London's leaders are aiming to further slash emissions of the city's sizeable bus fleet, starting with a trial of ten hydrogen vehicles.

On Tuesday, Ken Livingstone, Mayor of London, announced plans to trial five hydrogen fuel cell buses and five buses powered by hydrogen-fuelled internal combustion engines.

The fuel cell buses will be effectively zero carbon, while the combustion buses will have much lower emissions than their diesel counterparts.

“Hydrogen is a fuel of the future as it improves air quality and does not produce the harmful emissions which are causing catastrophic climate change,” said Mr Livingstone.

“These ten new hydrogen vehicles will be clean and efficient, providing a smoother, quieter ride for passengers.

“London is now the first city in Europe to commit to a hydrogen bus fleet of this size, which will match traditional diesel buses in terms of performance. This represents a huge step forward from the previous hydrogen trials in the capital and is an important step towards my target of having five per cent of all public sector fleet vehicles powered by hydrogen by 2015.”

The £9.65m contract for the buses has been awarded to American company ISE which has an established track record of delivering hydrogen buses, ISE.

The contract covers specialist maintenance and repairs for the first five years and cost to Londoners has been offset by a grant of £2.6m from central Government.

Energy Minister Malcolm Wicks, said: “This is a very exciting development and a serious step towards the long-term aim of reducing emissions from road transport.”

Mike Weston, operations director for London Buses, added: “The Mayor and Transport for London are committed to tackling climate change through cutting London’s contribution to CO2 and other emissions.

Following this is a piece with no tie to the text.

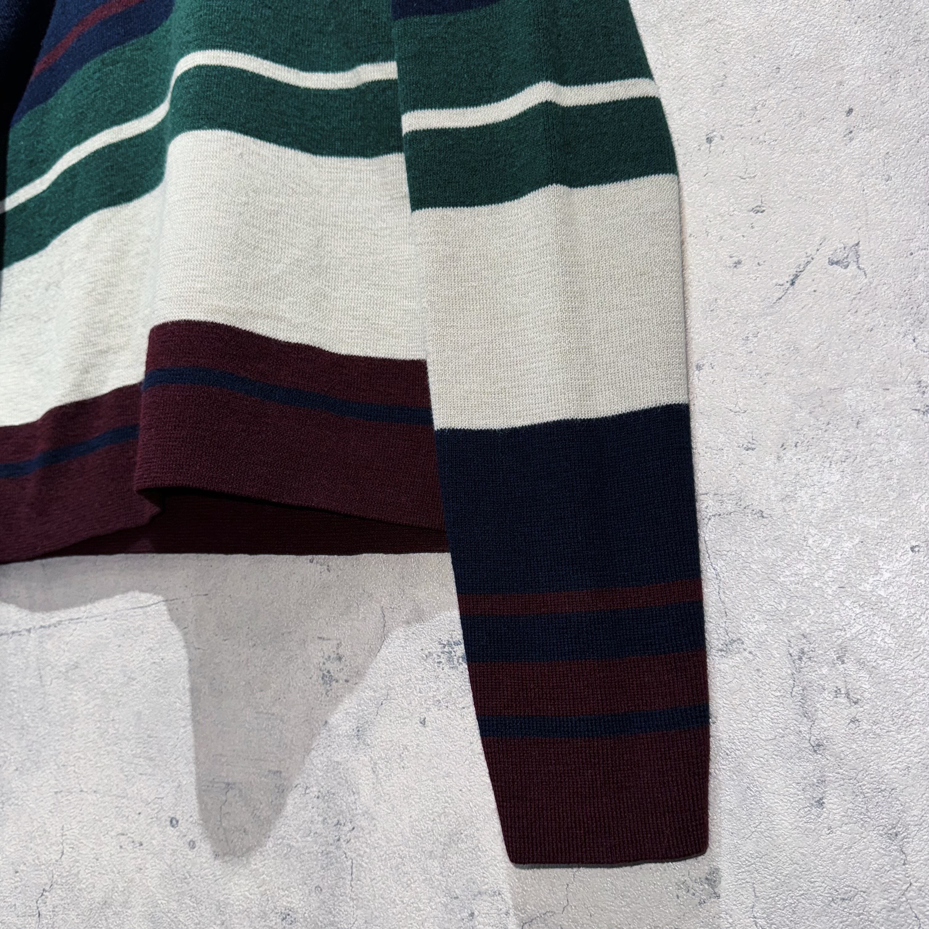 ワインレッドやオリーブグリーンなど複雑な色合いながらも配色バランスが素晴らしく、カラーリングが素晴らしいボーダーニット。

“Hydrogen technology is still being developed and we are paying a premium for these early models. However, we firmly believe this is a worthwhile investment in developing clean, green technology, and we expect costs to reduce over time.”

Mr Livingstone said that as there was currently no mass market for hydrogen buses, each of the vehicles had to be custom built and were therefore considerably more expensive than the equivalent diesel vehicles.

The trial will find out which of the two technologies is best suited to London and once this has been determined, said the Mayor, all new buses coming into the fleet will be hydrogen fuelled.